Apart generation - part 1
In the recent years, apartment generation has been something architect have both chased and feared. In this post I’ll show some of my explorations on apartment generation in a grid space.
During a typical day at the office, I’ve been shown a new project that one of our teams has just started working on. The project consists in adding cube-like blocks together to create different types of apartments or even programs.
One of the strengths of this project is its circularity, both in terms of material circularity, and project circularity. The aim of the team was giving the project the ability to evolve over time, by reorganizing the modules that constitutes it. The project could receive extensions/transformations over time, and even potentially allowing for its inhabitants to change their facade modules if they see fit.
As often in the office, small event like this (showing me the project in this case) sparked enough curiosity for me to start working on this as a side project, at first. The question was: What if we could find a way to be presented various valid apartment configurations automatically? I certainly knew I wasn’t the first to ask this question, but I felt like this box-like apartments was constraining enough to allow for decent results without diving deep into ML models. As time went into this side project, it became a project I’d work on at the office from time to time as potentials for results started to show up.
The weapon of choice
As hinted/stated earlier, the project is based on graph datatypes, where the nodes are a block/part/function of an apartment, and the edges are the links between them. Graphs are everywhere in our daily life, and are extensively used in many of the architecture fields already.

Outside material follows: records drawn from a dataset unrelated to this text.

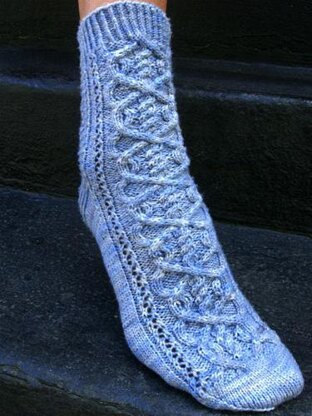 The sample shown was knit in Three Irish Girls Beckon Merino, shade Storm Cloud.
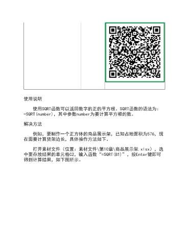 使用说明 使用SQRT函数可以返回数字的正的平方根。SQRT函数的语法为: =SQRT(number),其中参数number为要计算平方根的数。 解决方法 例如,要制作一个正方体的商品展示架,已知占地面积为576,现 在需要计算货架边长,具体操作方法如下。 打开素材文件(位置:素材文件\第10章\商品展示架.xlsx),选 中要存放结果的单元格C2,输入函数“=SQRT(B1)”,按Enter键即可 得到计算结果,如下图所示。
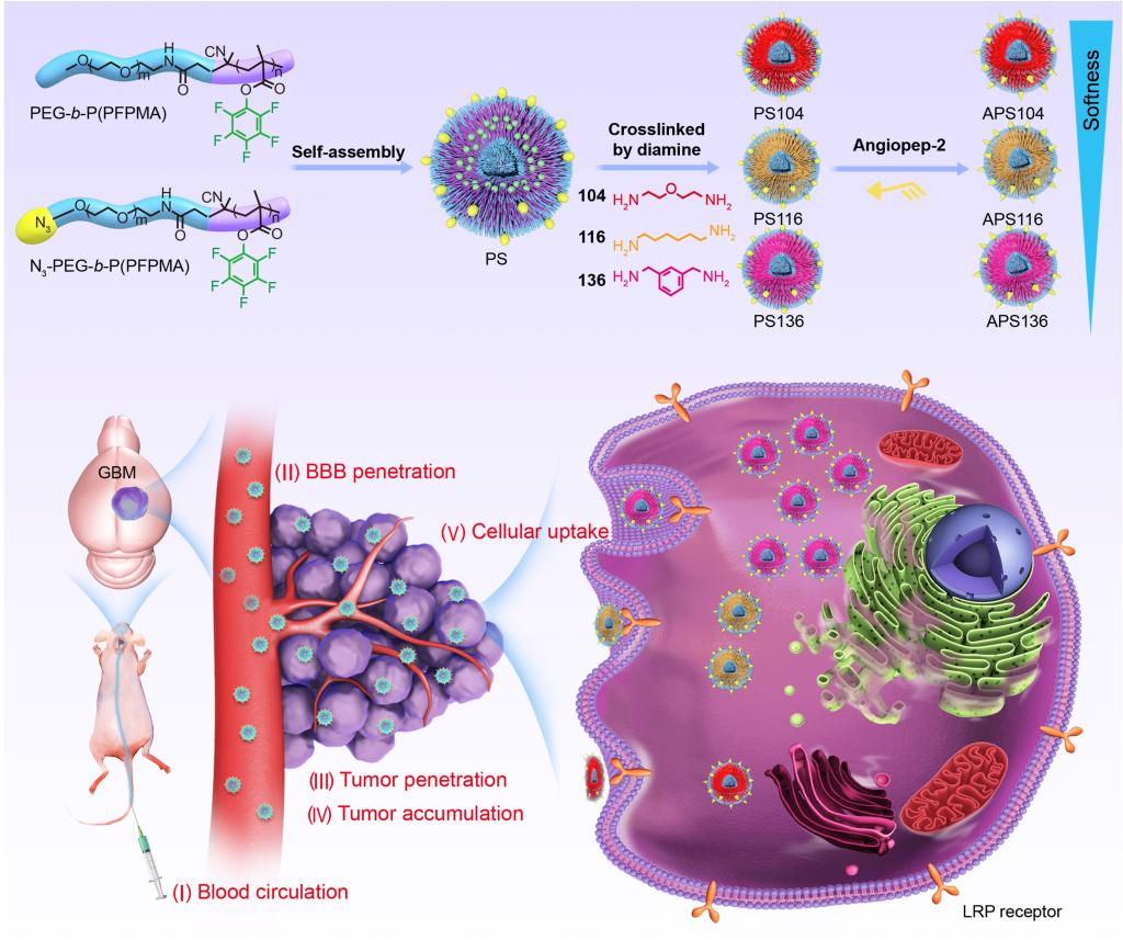 研究人员首先利用不同的交联剂对两嵌段聚合物PEG-P(PFPMA)自组装形成的囊泡疏水中间层进行交联。在不改变囊泡结构的条件下,获得一组大小、电荷相同的高分子囊泡。因囊泡内部交联剂的不同,表现出不同的弹性。研究人员通过动态学模拟计算证明,高分子囊泡的弹性与交联剂的刚性密切相关。最后,在囊泡表面修饰脑肿瘤靶向肽,比较不同弹性高分子囊泡的脑肿瘤靶向能力。

By default, graphs don’t own or register any space data (position in 3d, shape, orientation, …), or anything fancy. They simply stores the minimum data required to represent relationships between objects. An edge between nodes means they have some sort of connection (at the most basic concept), this connection can be in one direction (as in a directed graph, like a one-way street between two crossroads) or be in both directions (as in a bi-directional graph, like friendship, hopefully).
From a basic graph structure, it’s possible to store any kind of data as attributes, both to its nodes and edges, allowing the graph to represent more complex systems that we often see in real life.
The setup
Let’s finally dive in and try to give some sense to those words. We start by defining a capable volume in which the project should be contained. We then define some blocks that represent the shared circulations. With a couple of settings that we’ll discuss, the tool displays an apartment configuration (supposedly the best, depending on the settings). One thing we can see in the image below is that the model can suggest apartments of different sizes and shapes.
Types of apartments
As seen hereunder, the model is actually capable to handle different types of apartment: 1, 2 or 3 floors (and combinations of them).
Exploration
The direct visual (and quantitative - later down) feedback allows the architects to play with the model to find a configuration that fits their requirements. While doing so, this quick process also let the architects see and (hopefully) understand how to orient the suggestions in the right direction. Moving the circulations is a simple rhino translation with the gumball, and the generations like the ones here take few milliseconds.
More settings
To provide a wider range of possibilities, more settings than the ones seen above were also implemented into the tool. It currently supports:
Any size of apartments (in block count)
As many different apartment sizes as desired
Proportions between the different apartments in the final configuration (works surprisingly well)
Pick any of the predefined ranking functions (any combination of them as well)
Assign weights to each ranking functions
Data oriented
Here bellow is one of the most important aspects of this tool: the metrics of each apartment / each configurations. This comes out of the apartment generator component, and allows the architect to plug in any solving algorithms like Galapagos, Opossum, Tuna, … to optimize the generations even further ! Architects can use any of these metrics (combined or multi-objective if necessary) as a fitness value, to tweak the generation settings/position of the circulations/etc.
Towards Architecture
It’s all fun and games, but the purpose of all these experiments was to be able to create real living spaces. This is were the work has yet to start. The three images bellow illustrate a naïve (for visualization purposes) approach to constructability and architectural representation.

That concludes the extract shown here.